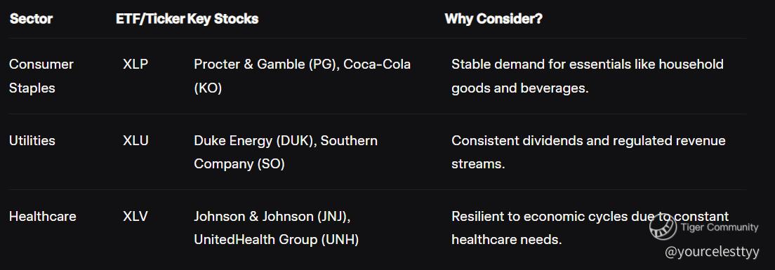 Defensive sectors—consumer staples, utilities, and healthcare—are known for their resilience during market downturns due to their focus on essential goods and services. The recent strength in these sectors, as tech stocks weakened, suggests investors are already rotating into safer assets. Here’s a breakdown of key defensive sectors and representative stocks:
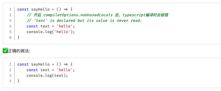 noUnusedLocals:开启后,当Ts发现未使用的局部变量时,会给出一个编译时错误('
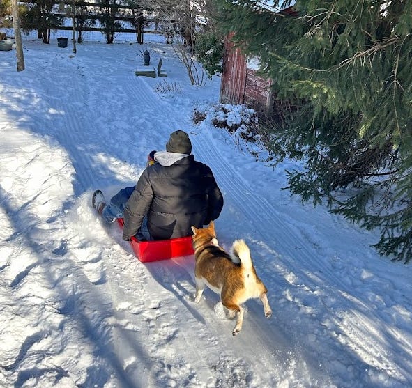 This week’s pattern reminded me of a moment from last winter: my grandson and I sliding down the hill in my backyard, Benji chasing us full throttle — proof that a small push can set the whole ride in motion.
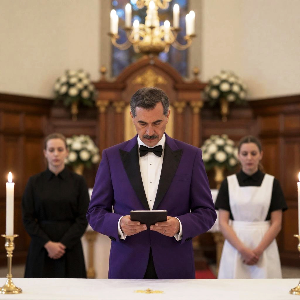 Middle-aged man with mustache in purple tuxedo, white shirt, black bow tie, stands at altar, reading. Two maids in black and white uniforms stand in background. Ornate church interior, chandelier, floral arrangements. Candlelit, wood paneling.
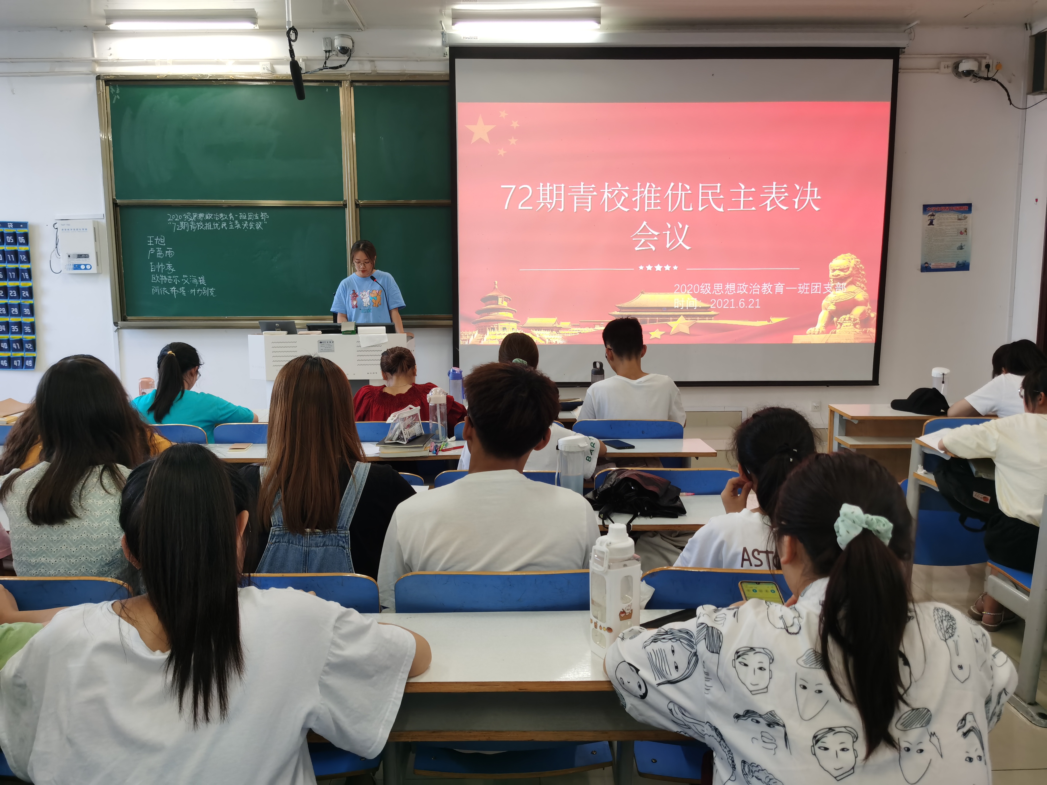 6月21日下午,德赢AC米兰官网2020级思想政治教育一班在社科楼514教室召开72期青校推优表决会议,2020级思想政治教育一班全体团员参加本次表决会议,大会由团支书卢茜雨主持。
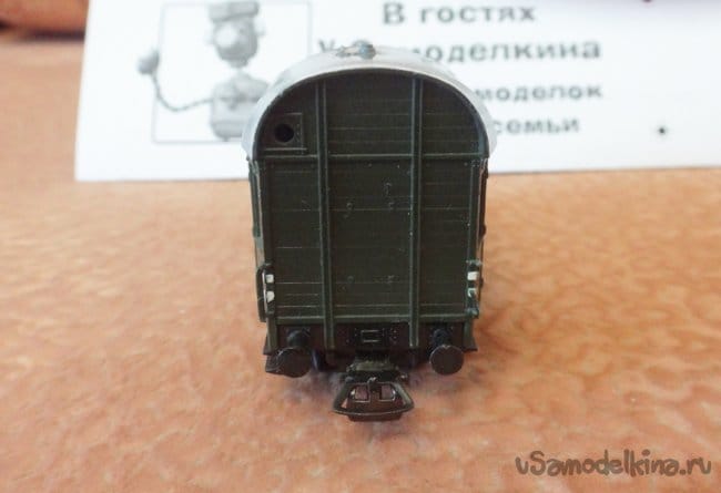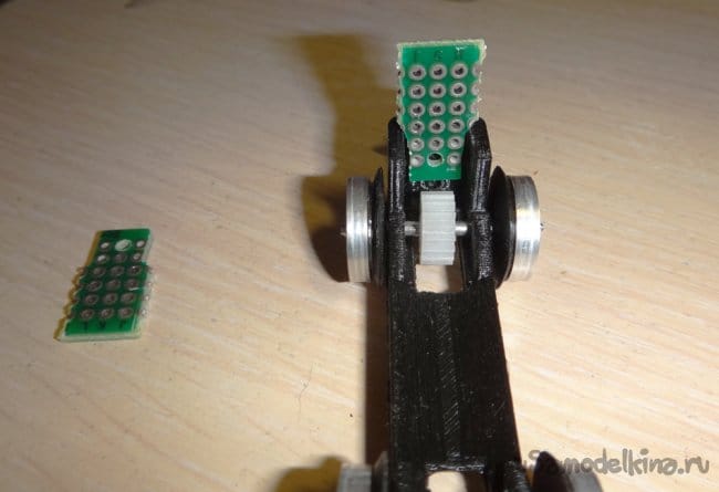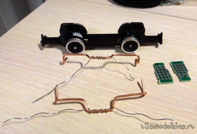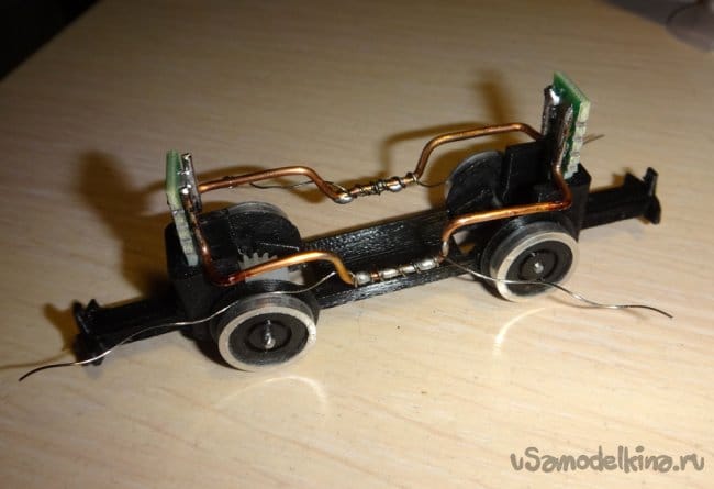В нижней части соединителя просверливается отверстие, совпадающее с ответным отверстием в торце тележки. Медная проволока изгибается как изображено на фотографии. На середине закрепляется упругая проволочка (или латунные полоски) так, чтобы концы ложились на колеса и слегка к ним прижимались.
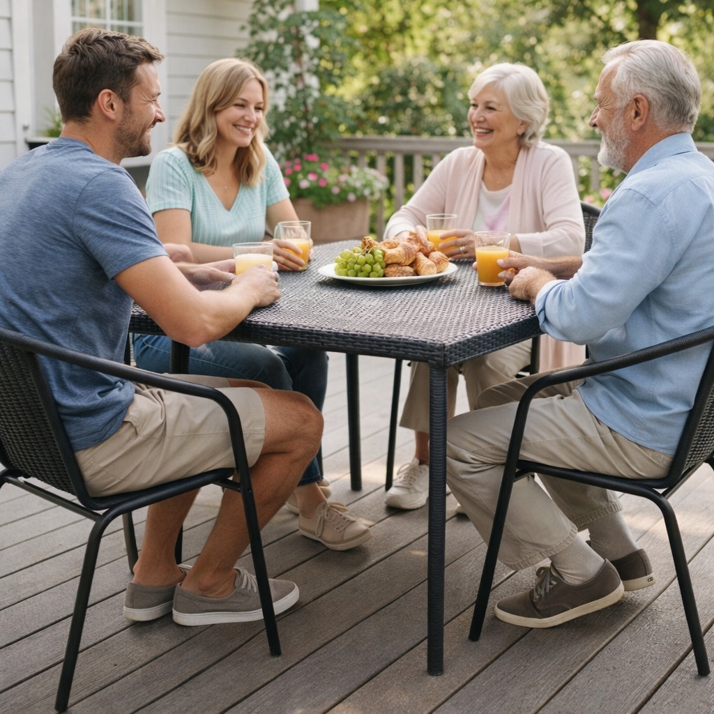 To krzesło to idealny kompromis między solidnością a wygodą użytkowania. Mimo zastosowania wytrzymałej stali, konstrukcja jest zaskakująco lekka (tylko 2,7 kg) i poręczna. Bez problemu przeniesiesz je jedną ręką, co czyni je niezwykle praktycznym rozwiązaniem na co dzień – zarówno podczas sprzątania tarasu, jak i niespodziewanej wizyty gości.
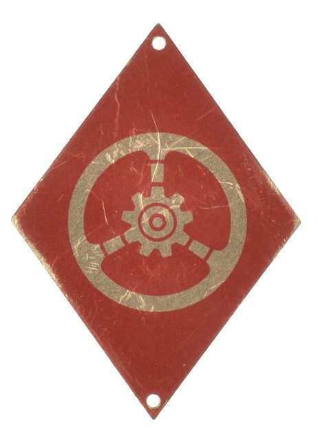 SPANISH ARMY COLLAR INSIGNIA, Automobile Service, World War II thru Cold War Era. Aluminium with Etched Insigina in Center, Original.
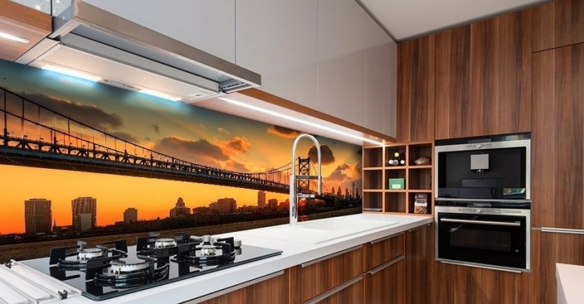 Если устанавливается панель с рисунком, размер узора должен соответствовать габаритам помещения. Фартук с крупным орнаментом на маленькой кухне будет смотреться громоздко и привлекать лишнее внимание.
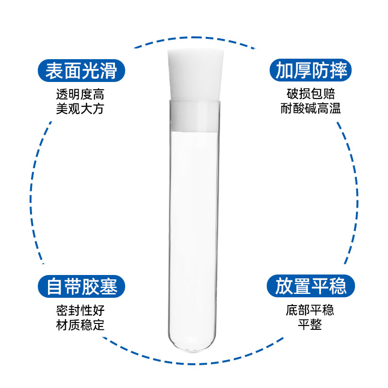 平口圆底玻璃试管12*75 15*100 15*150 18*150 18*180 20*200mm硅胶塞试管塞试管架耐高温物理化学实验室仪器
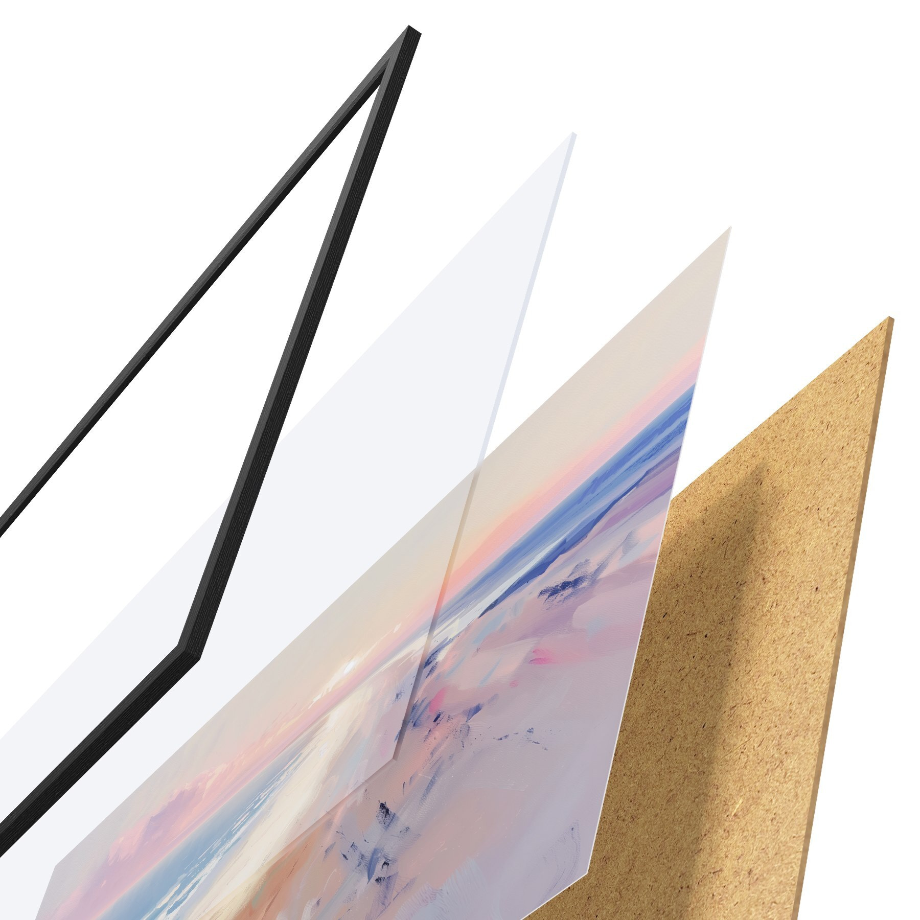 Das Poster besteht aus einem Rahmen, Plexiglas, einem gedruckten Bild und einer Rückwand aus Spanplatten. Dank der Halterungen auf der Rückseite kann das Poster sofort an die Wand gehängt werden.

------------------------------------------------

What is needed is a word-for-word copy of the data, minus its pictures.

 Defensive sectors—consumer staples, utilities, and healthcare—are known for their resilience during market downturns due to their focus on essential goods and services. The recent strength in these sectors, as tech stocks weakened, suggests investors are already rotating into safer assets. Here’s a breakdown of key defensive sectors and representative stocks:
 noUnusedLocals:开启后,当Ts发现未使用的局部变量时,会给出一个编译时错误('
 This week’s pattern reminded me of a moment from last winter: my grandson and I sliding down the hill in my backyard, Benji chasing us full throttle — proof that a small push can set the whole ride in motion.
 Middle-aged man with mustache in purple tuxedo, white shirt, black bow tie, stands at altar, reading. Two maids in black and white uniforms stand in background. Ornate church interior, chandelier, floral arrangements. Candlelit, wood paneling.
 6月21日下午,德赢AC米兰官网2020级思想政治教育一班在社科楼514教室召开72期青校推优表决会议,2020级思想政治教育一班全体团员参加本次表决会议,大会由团支书卢茜雨主持。
В нижней части соединителя просверливается отверстие, совпадающее с ответным отверстием в торце тележки. Медная проволока изгибается как изображено на фотографии. На середине закрепляется упругая проволочка (или латунные полоски) так, чтобы концы ложились на колеса и слегка к ним прижимались.
 To krzesło to idealny kompromis między solidnością a wygodą użytkowania. Mimo zastosowania wytrzymałej stali, konstrukcja jest zaskakująco lekka (tylko 2,7 kg) i poręczna. Bez problemu przeniesiesz je jedną ręką, co czyni je niezwykle praktycznym rozwiązaniem na co dzień – zarówno podczas sprzątania tarasu, jak i niespodziewanej wizyty gości.
 SPANISH ARMY COLLAR INSIGNIA, Automobile Service, World War II thru Cold War Era. Aluminium with Etched Insigina in Center, Original.
 Если устанавливается панель с рисунком, размер узора должен соответствовать габаритам помещения. Фартук с крупным орнаментом на маленькой кухне будет смотреться громоздко и привлекать лишнее внимание.
 平口圆底玻璃试管12*75 15*100 15*150 18*150 18*180 20*200mm硅胶塞试管塞试管架耐高温物理化学实验室仪器
 Das Poster besteht aus einem Rahmen, Plexiglas, einem gedruckten Bild und einer Rückwand aus Spanplatten. Dank der Halterungen auf der Rückseite kann das Poster sofort an die Wand gehängt werden.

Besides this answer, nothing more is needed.